§ Your instructions
A word-for-word retyping of the listing below is required, with the pictures dropped.
═════ The input
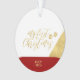 Celebre a temporada com este ornamento de fotos de Natal na moda. Este design apresenta a inscrição dourada moderna "Meu Primeiro Natal" com blocos de cores geométricas (Vermelho e Branco). Você pode adicionar sua foto e personalizar o texto. Mais presentes e cartas de férias estão disponíveis no meu compro BaraBomDesign.
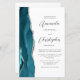The left-hand edge of this elegant modern wedding invitation features a teal blue watercolor agate border trimmed with faux silver glitter. The customizable text combines charcoal gray script and sans serif fonts on a white background. The reverse side provides space for wedding details on a solid white background, along with a QR code guests can scan to visit your website and RSVP, which saves the cost of printing and mailing separate RSVP cards.
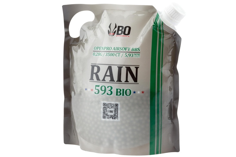 Sachet de 3500 billes 0.28 grammes Bio de la marque RAIN BO-DYNAMICS, idéal pour alimenter vos répliques de poing et répliques longues d'airsoft.
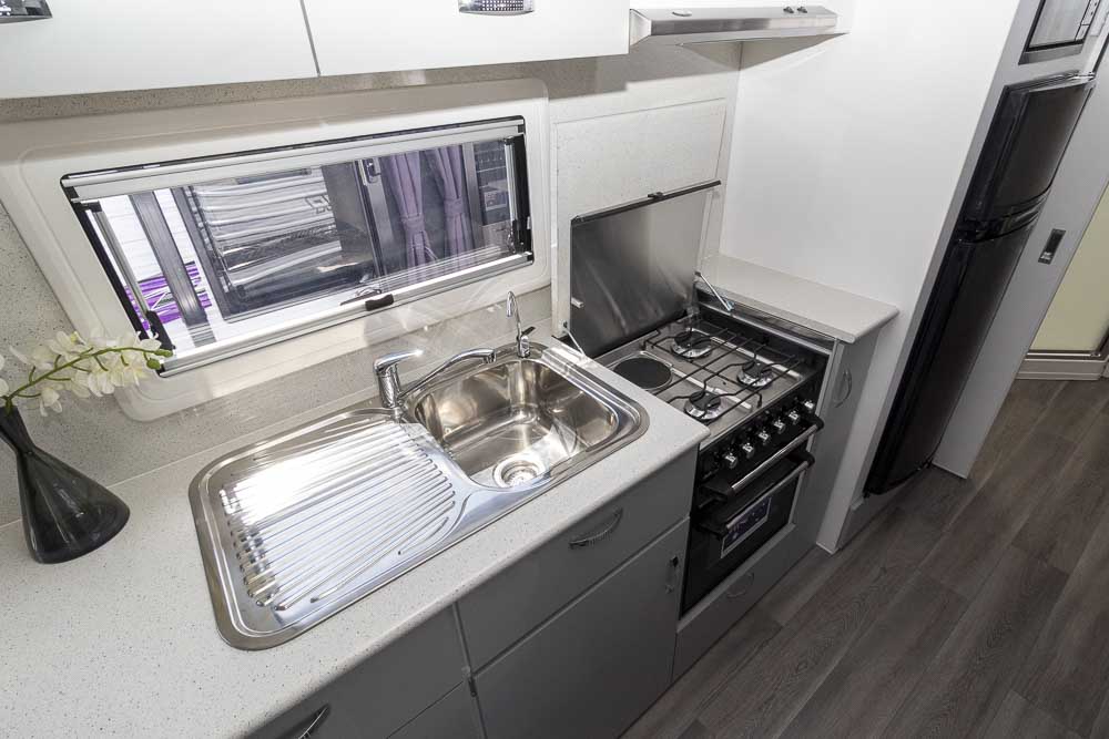 At 21ft the Land Bruiser is a popular layout from Condor Caravan which covers all of the home and travelling essentials. Not only is this new caravan equipped with a larger than normal ensuite bathroom but you’ll also find kitchen, living & dining facilities as well as an island bed.
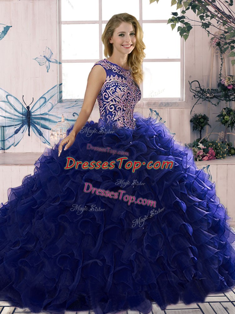 Beading and Ruffles Quinceanera Dress Purple Lace Up Sleeveless Floor Length
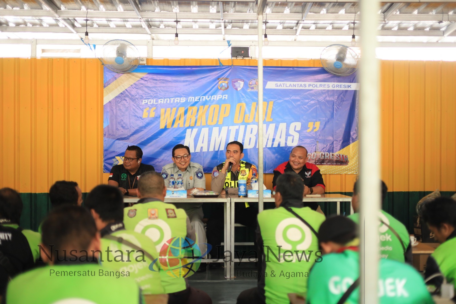 GRESIK |Nusantara Jaya News – Suasana santai namun penuh muatan edukatif di Warkop Exceed Underpass GKB, Kabupaten Gresik, Selasa pagi (10/2/2026). Di balik secangkir kopi, Satuan Lalu Lintas (Satlantas) Polres Gresik menggelar inovasi pendekatan humanis bertajuk “Polantas Menyapa” melalui program Ojol Kamtibmas, yang merupakan bagian dari Operasi Keselamatan Semeru 2026.
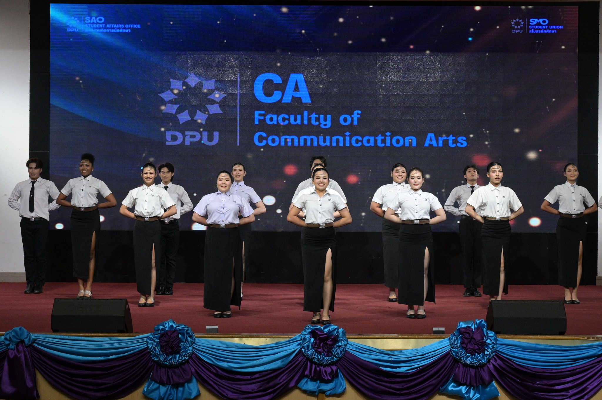 สอดคล้องกับการประชันความพร้อมเพรียงบนเวที ที่กลุ่มนักศึกษาฝ่ายสนับสนุนเบื้องหลังต่างได้รับโอกาสฝึกฝนทักษะการจัดการผ่านสถานการณ์จริงไม่ต่างกัน โดย นายอิทธิพัทธ์ รีเพ็ง นักศึกษาชั้นปีที่ 2 คณะนิเทศศาสตร์ ในตำแหน่งผู้ช่วยประธานสวัสดิการ สโมสรนักศึกษา ให้ข้อมูลด้วยความภาคภูมิใจถึงการร่วมปฏิบัติหน้าที่กับคณะทำงานสโมสรนักศึกษา ภายใต้การนำของ นายพิสิษฐ์ ถิระเรืองตระกูล นายกสโมสรนักศึกษา
══════════
§ Output
 Celebre a temporada com este ornamento de fotos de Natal na moda. Este design apresenta a inscrição dourada moderna "Meu Primeiro Natal" com blocos de cores geométricas (Vermelho e Branco). Você pode adicionar sua foto e personalizar o texto. Mais presentes e cartas de férias estão disponíveis no meu compro BaraBomDesign.
The left-hand edge of this elegant modern wedding invitation features a teal blue watercolor agate border trimmed with faux silver glitter. The customizable text combines charcoal gray script and sans serif fonts on a white background. The reverse side provides space for wedding details on a solid white background, along with a QR code guests can scan to visit your website and RSVP, which saves the cost of printing and mailing separate RSVP cards.
 Sachet de 3500 billes 0.28 grammes Bio de la marque RAIN BO-DYNAMICS, idéal pour alimenter vos répliques de poing et répliques longues d'airsoft.
 At 21ft the Land Bruiser is a popular layout from Condor Caravan which covers all of the home and travelling essentials. Not only is this new caravan equipped with a larger than normal ensuite bathroom but you’ll also find kitchen, living & dining facilities as well as an island bed.
 Beading and Ruffles Quinceanera Dress Purple Lace Up Sleeveless Floor Length
 GRESIK |Nusantara Jaya News – Suasana santai namun penuh muatan edukatif di Warkop Exceed Underpass GKB, Kabupaten Gresik, Selasa pagi (10/2/2026). Di balik secangkir kopi, Satuan Lalu Lintas (Satlantas) Polres Gresik menggelar inovasi pendekatan humanis bertajuk “Polantas Menyapa” melalui program Ojol Kamtibmas, yang merupakan bagian dari Operasi Keselamatan Semeru 2026.
 สอดคล้องกับการประชันความพร้อมเพรียงบนเวที ที่กลุ่มนักศึกษาฝ่ายสนับสนุนเบื้องหลังต่างได้รับโอกาสฝึกฝนทักษะการจัดการผ่านสถานการณ์จริงไม่ต่างกัน โดย นายอิทธิพัทธ์ รีเพ็ง นักศึกษาชั้นปีที่ 2 คณะนิเทศศาสตร์ ในตำแหน่งผู้ช่วยประธานสวัสดิการ สโมสรนักศึกษา ให้ข้อมูลด้วยความภาคภูมิใจถึงการร่วมปฏิบัติหน้าที่กับคณะทำงานสโมสรนักศึกษา ภายใต้การนำของ นายพิสิษฐ์ ถิระเรืองตระกูล นายกสโมสรนักศึกษา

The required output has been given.